See the Connect ETL help topic, "Connect ETL Enterprise architecture."

9.6.15

Connect Portal UI. Connect Portal UI is a secure, high-speed, browser-based application from which you collectively extract, filter, transfer, and copy large volumes of data from database sources to target database management systems (DBMS) or file systems (including HDFS, S3, and local).

As an extension of Connect ETL/, Connect Portal UI enables you to automatically run data transfers in bulk rather than manually creating dozens, hundreds, or even thousands of individual transfer tasks, one task for each table in the schema you want to transfer. Instead, Connect Portal UI gives you the tools to build collections of data transfer tasks called data flows. You group data flows in projects. When a project is executed, each customized data flow automatically transfers your data in bulk to a specified target database or file system.

Use Connect Portal UI to:
  • Transfer all source data (hundreds of tables at a time), or filter the data to exclude or include a sub-set of table columns and rows. Tables are automatically transferred in parallel at an appropriate level of parallelism.

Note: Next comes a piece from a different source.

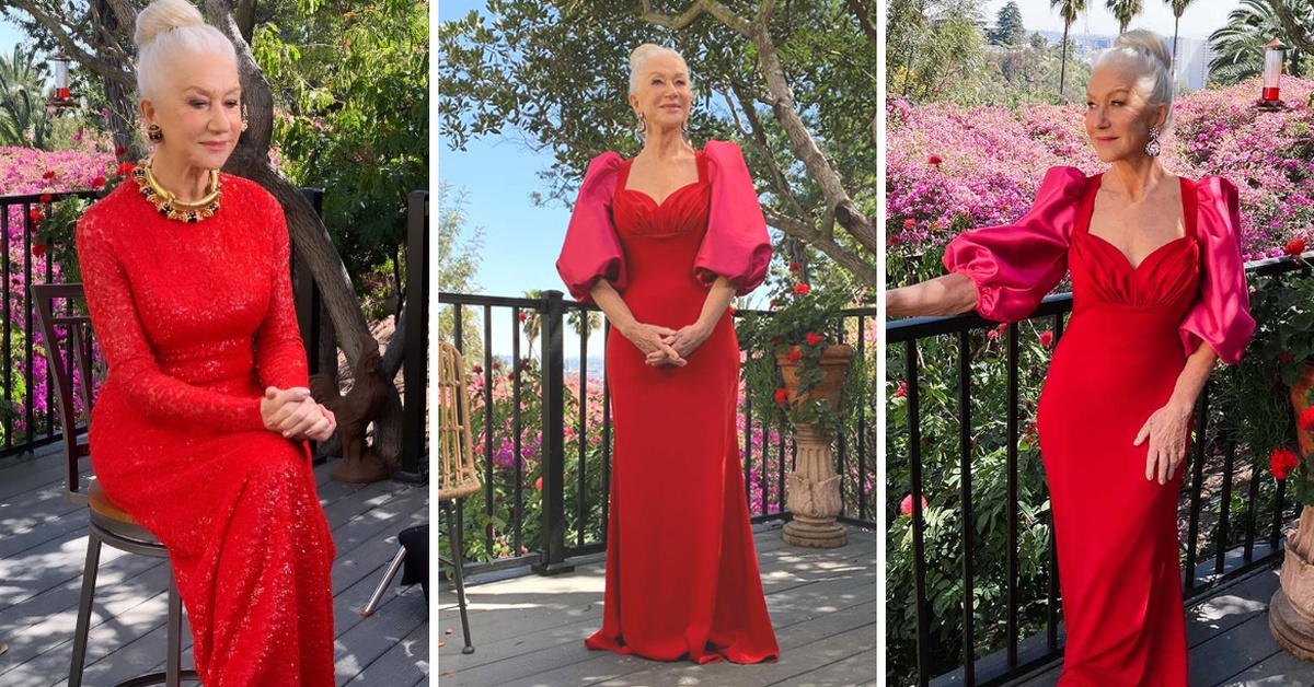Припиениот светкав фустан, кој Мирен го искомбинира со златен накит, е со потпис на Мајкл Корс.

  • Automatically create new Hive target tables based on equivalent source tables.

  • Build, manage, and maintain a centralized repository of reusable data connections, data flows, and projects.
  • Search and examine summary information about Connect Portal objects.
  • Export a JSON configuration file to execute data flows from the command line.
  • Connect Portal UI includes wizards that guide you step-by-step to:
    • Build unique, secure data connections to DBMS sources and target databases and file systems.
    • Configure how data is copied to target databases and file systems.
    • Run one or more projects at a time and enable job logging.
Connect Portal UI supports connecting to a variety of databases and environments, including Hive, Oracle, IBM Db2 for Linux, Unix, and Windows, IBM Db2 for z/OS, Netezza, Microsoft SQL Server, Teradata, HDFS, S3, Amazon Redshift, and local. Connect Portal UI supports the following browsers:
  • Internet Explorer versions 10 and 11
  • Google Chrome
  • Microsoft Edge

For more information about how to use Connect Portal UI, access the online help, which is available from the Help menu in Connect Portal UI.

9.6.15

Enhanced Connect ETL/Connect for Big Data installation. The Connect ETL/Connect for Big Data installation process includes component-based options, which enable standard, full, classic, and custom installations. From among these options, you can tailor the installation to meet your requirements; for example, you can install a client-server configuration for running Connect ETL/Connect for Big Data jobs and tasks through the Job and Task Editors, or you can install a web-server configuration for running Connect Portal projects through the Connect Portal UI, or you can install both. See the Connect ETL/Connect for Big Data help topics, "Connect ETL/Connect for Big Data installation component options" and "Connect ETL/Connect for Big Data Enterprise architecture."

9.6.11

Target support for Hive complex types. Connect for Big Data supports writing elementary, composite, and array fields from mainframe and open system database table and file sources to Hive target structures and arrays. See the Connect ETL/Connect for Big Data help topic, "Target Database Table dialog."

9.6.7

Hive merge statement support. Connect for Big Data provides Hive merge statement support through JDBC for Hive target database tables that are configured to support ACID and that are specified as having the upsert or update disposition. See the Connect ETL/Connect for Big Data help topic, "Hive merge statement support for upsert and update dispositions."

9.6.4

User-defined SQL as lookup source. In addition to supporting entire database tables as lookup sources, Connect ETL/Connect for Big Data supports user-defined SQL statements as lookup sources. See the Connect ETL/Connect for Big Data help topic, "Lookup Source Database Table dialog."

9.5

DMX Change Data Capture. DMX Change Data Capture (CDC) is a new add-on product that keeps data on a mainframe source system in sync with Hadoop without overloading networks and incurring a high MIPS cost on the mainframe. Connect CDC for z/OS detects changes in the source system and either applies or writes the changed data to a specified Hadoop target. Currently, DB2 for z/OS is supported as source and Hive and HDFS are supported as targets. See the Connect ETL/Connect for Big Data help topic, "DMX Change Data Capture."

9.4.28
Custom task enhancement. Along with the current extended task support, Connect for Big Data supports running custom tasks or groups of directly connected custom tasks on the cluster with all Connect for Big Data tasks of an IX job when the following conditions are met:
  • All Connect for Big Data tasks are cluster eligible.
  • Custom tasks have piped inputs from previous Connect for Big Data tasks and piped outputs to following Connect for Big Data tasks.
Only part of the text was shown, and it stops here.